» **WHAT YOU SHOULD DO**
Beginning with the first line below, retype exactly each line through the one containing "Figure 2. TikTok Video". Leave out all pictures.

» **INFORMATION SUPPLIED**
· · ·

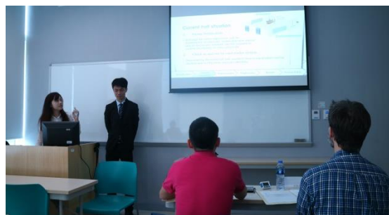
Participants were introducing the main idea of the mobile phone application they have designed to the judging panel 參賽隊員向評判介紹他們所設計的手機應用程式的設計概念
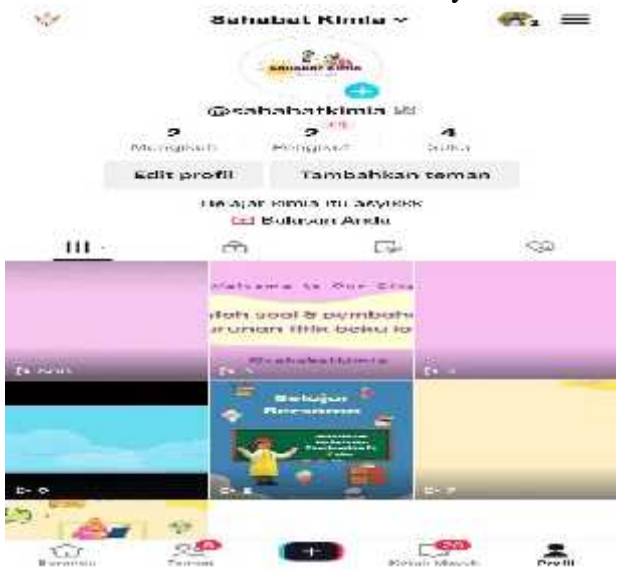
Figure 2. TikTok Video

access the videos presented. Question evaluation is useful for measuring students' understanding of the material presented. The questions for practices were made using Google Forms, where the links to these forms were included in the e-worksheet. After completing the questions, students can submit them and check the scores they obtained.

· · ·

» **YOUR RESPONSE**
Participants were introducing the main idea of the mobile phone application they have designed to the judging panel 參賽隊員向評判介紹他們所設計的手機應用程式的設計概念
Figure 2. TikTok Video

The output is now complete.